Contact dermatitis is a skin reaction caused by touching a substance, such as food, soap, or the oil of plants like poison ivy, sumac, or oak. The rash usually starts within 48 hours after exposure. Minor cases may cause mild skin redness or a rash of small red bumps, while severe reactions can cause swelling, redness, and larger blisters. Contact dermatitis is usually mild and goes away when contact with the substance ends.
Hand-Foot-Mouth Disease (Coxsackie)
This common, contagious childhood illness starts with a fever, then painful mouth sores and a non-itchy rash with blisters on hands, feet, and sometimes buttocks and legs follow. It spreads through coughing, sneezing, and used diapers, so wash hands often when dealing with coxsackie. Home treatment includes ibuprofen or acetaminophen (do not give aspirin to children) and lots of fluids. Not serious, coxsackie usually goes away on its own in about a week.
A problem causing dry skin, intense itching, and a raised rash, some children outgrow atopic dermatitis (the most common type of eczema) or have milder cases as they age. What causes atopic dermatitis isn’t clear, but those affected may have a personal history of allergies and asthma and a sensitive immune system.
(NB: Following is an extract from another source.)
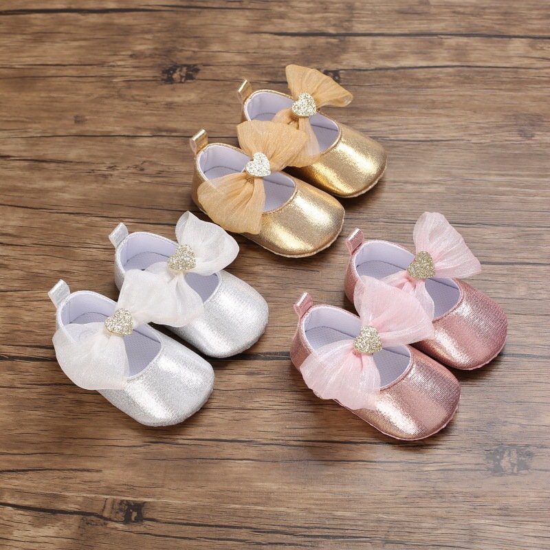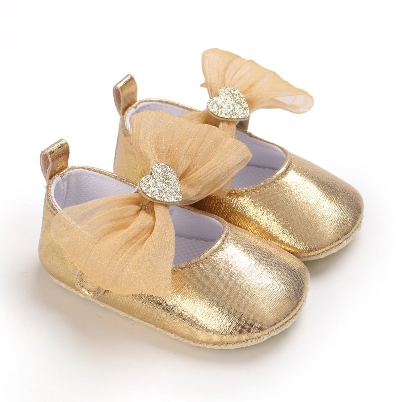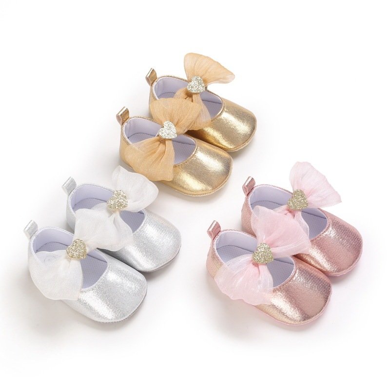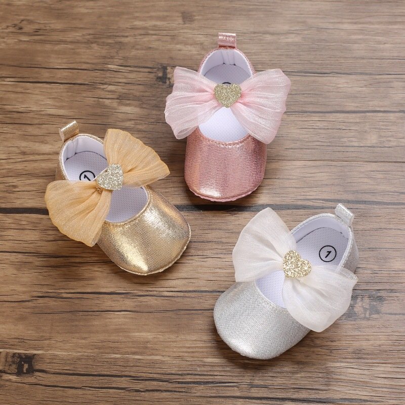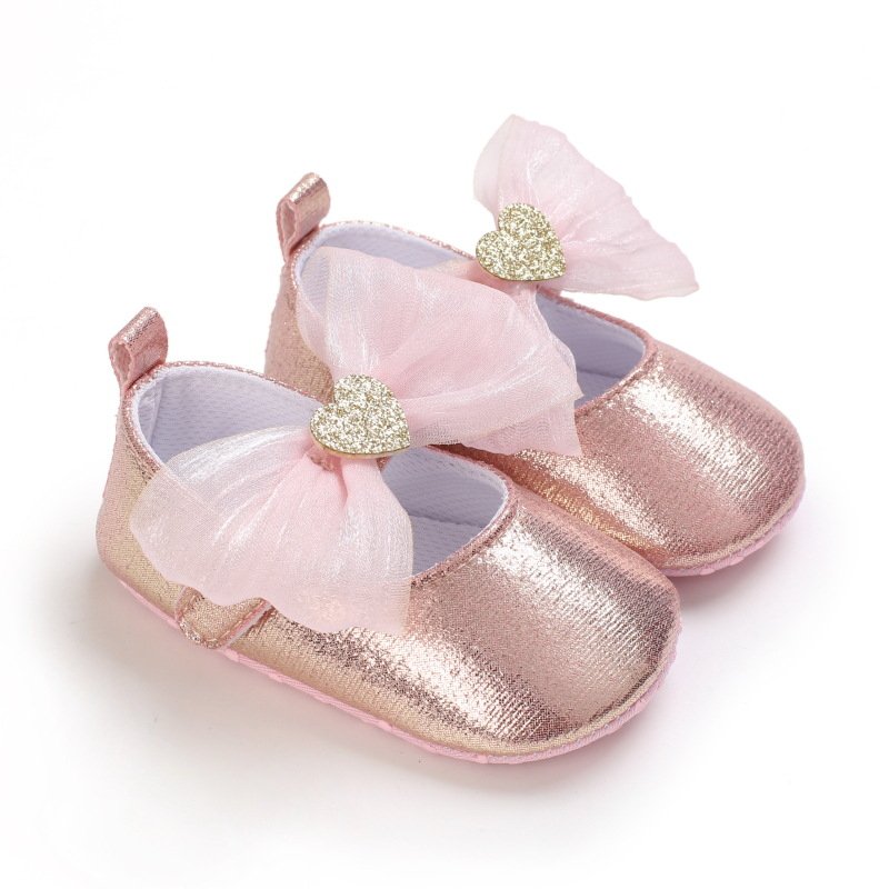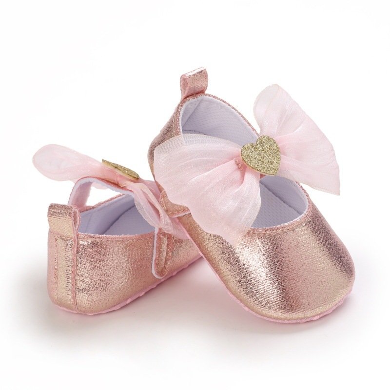 Baby Girls Cute Mesh Bow Heart Glitter PU Soft Bottom Princess Shoes

Hives occur as a rash or welts and are often itchy, or may burn or sting. They can appear anywhere on the body and may last minutes or days. Hives can signal serious problems, especially if accompanied by difficult breathing or facial swelling. Medications like aspirin or penicillin; foods like eggs, nuts, and shellfish; food additives; temperature extremes, and infections like strep throat can cause hives. Removing the trigger often resolves the hives and an antihistamine can help. If hives persist or are accompanied with other symptoms, seek medical help.
Scarlet fever is simply strep throat with a rash. Symptoms include sore throat, fever, headache, abdominal pain, and swollen neck glands. After 1-2 days, a red rash with a sandpaper texture appears, after 7-14 days, the rash sloughs off. Scarlet fever is very contagious, but good hand washing can reduce its spread. Call your pediatrician immediately if you think your child has it, and treat with antibiotics to avoid serious complications.
Roseola Infantum (Sixth Disease)
A mild, contagious illness, roseola infantum is most common in children age 6 months to 2 years, and is rare after age 4. The symptoms are respiratory illness, followed by a high fever (which can trigger seizures) for several days. Fevers abruptly end and are followed by a rash of small, pink, flat, or slightly raised bumps on the trunk, then the extremities.